Even if you ignore this confusion, it's still not as simple as using the size in bytes as the length. That's what b_size is for, after all. The array length is the new size divided by the element size, which you can get from PyType_stgdict(dict->proto)->size. Also, you'd have to ensure it's only updating b_length for arrays, i.e. ArrayObject_Check(obj), since it makes no sense to modify the length of a simple type, struct, union, or [function] pointer.

However, I don't think this result is worth the confusion. ctypes buffers can grow, but arrays have a fixed size by design. There are already ways to access a resized buffer. For example, you can use the from_buffer method to create an instance of a new array type that has the desired length, or you can dereference a pointer for the new array type. So I'm inclined to close this issue as "not a bug".

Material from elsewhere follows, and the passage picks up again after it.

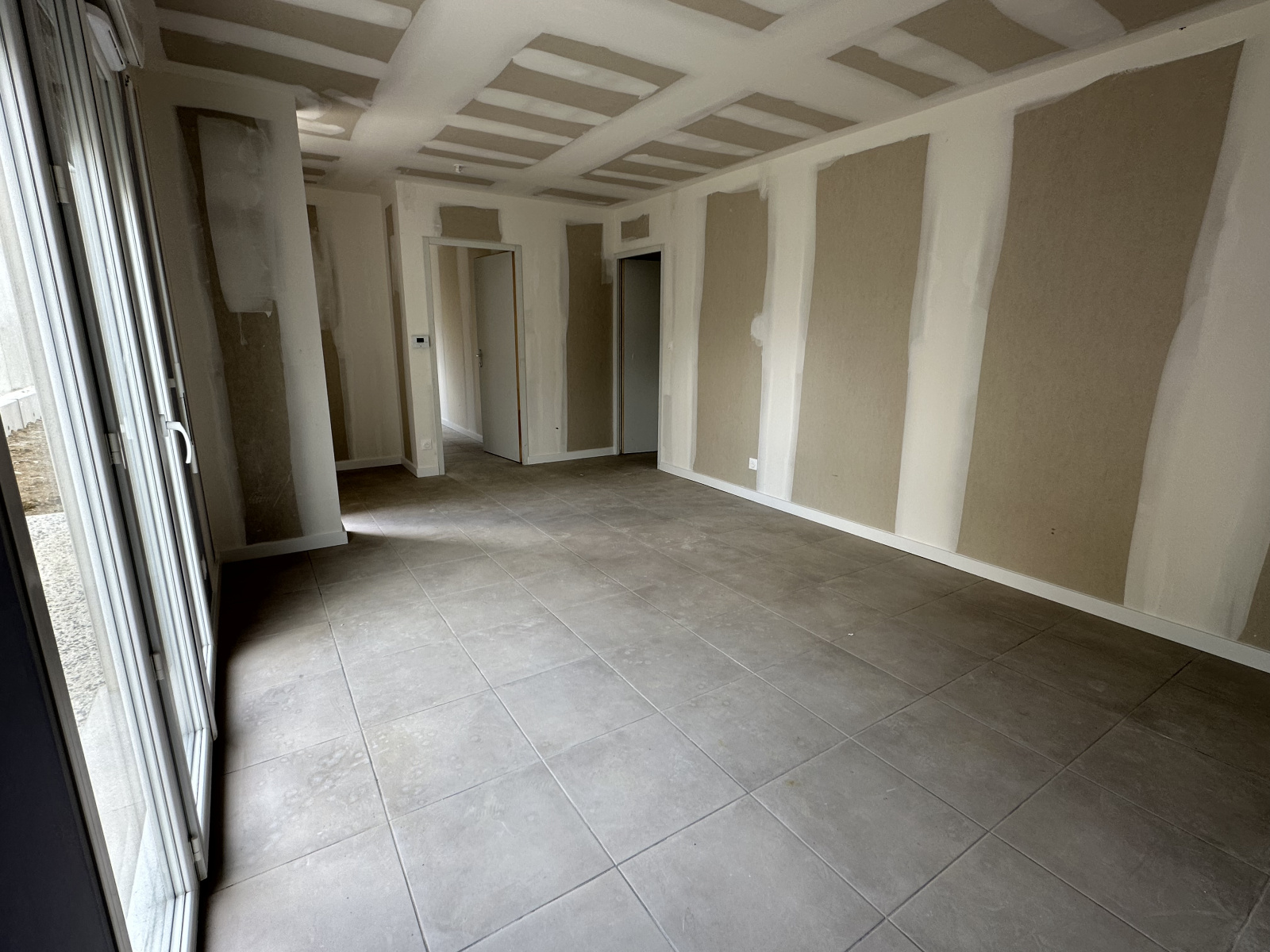 Maison de plain pied avec 3 chambres de 80 m² hab sur 282 m² de parcelle, dans un petit lotissement de 18 villas hors copropriété.

Be careful when resizing buffers that are shared across objects. Say you resize array "a" and share it as array "b" using from_buffer or a pointer dereference. Then later you resize "a" again. The underlying realloc might change the base address of the buffer, while "b" still uses the old address. For example:

    >>> a = (ctypes.c_int * 5)(*range(5))
    >>> ctypes.resize(a, 4 * 10)
    >>> b = ctypes.POINTER(ctypes.c_int * 10)(a)[0]
    >>> ctypes.addressof(a)
    >>> ctypes.addressof(b)
    >>> b._b_needsfree_ # b doesn't own the buffer
    >>> b[:] # the reallocation is not zeroed
    [0, 1, 2, 3, 4, 0, 0, 32736, 48, 0]

Here's the problem to keep in mind:

    >>> ctypes.resize(a, 4 * 1000)
    >>> ctypes.addressof(a)
    >>> ctypes.addressof(b)
    >>> b[:] # garbage; maybe a segfault
    [1771815800, 32736, 1633841761, 540763495, 1652121965,
     543236197, 1718052211, 1953264993, 10, 0]
msg259638 - (view) Author: Tamás Bence Gedai (beng94) * Date: 2016-02-05 08:29
Thanks for the remarks, I think the issue can be closed as well.
msg259639 - (view) Author: Dustin Oprea (Dustin.Oprea) Date: 2016-02-05 08:40
I'm closing it. The ticket has been open two-years and no one else seemed to be interested in this issue until now, which leads me to believe that it's a PEBCAK/understanding issue. The rationale for why it's irrelevant seems sound. Thanks for digging through the code, Tamás. Thank you for your comments, Martin and Eryk.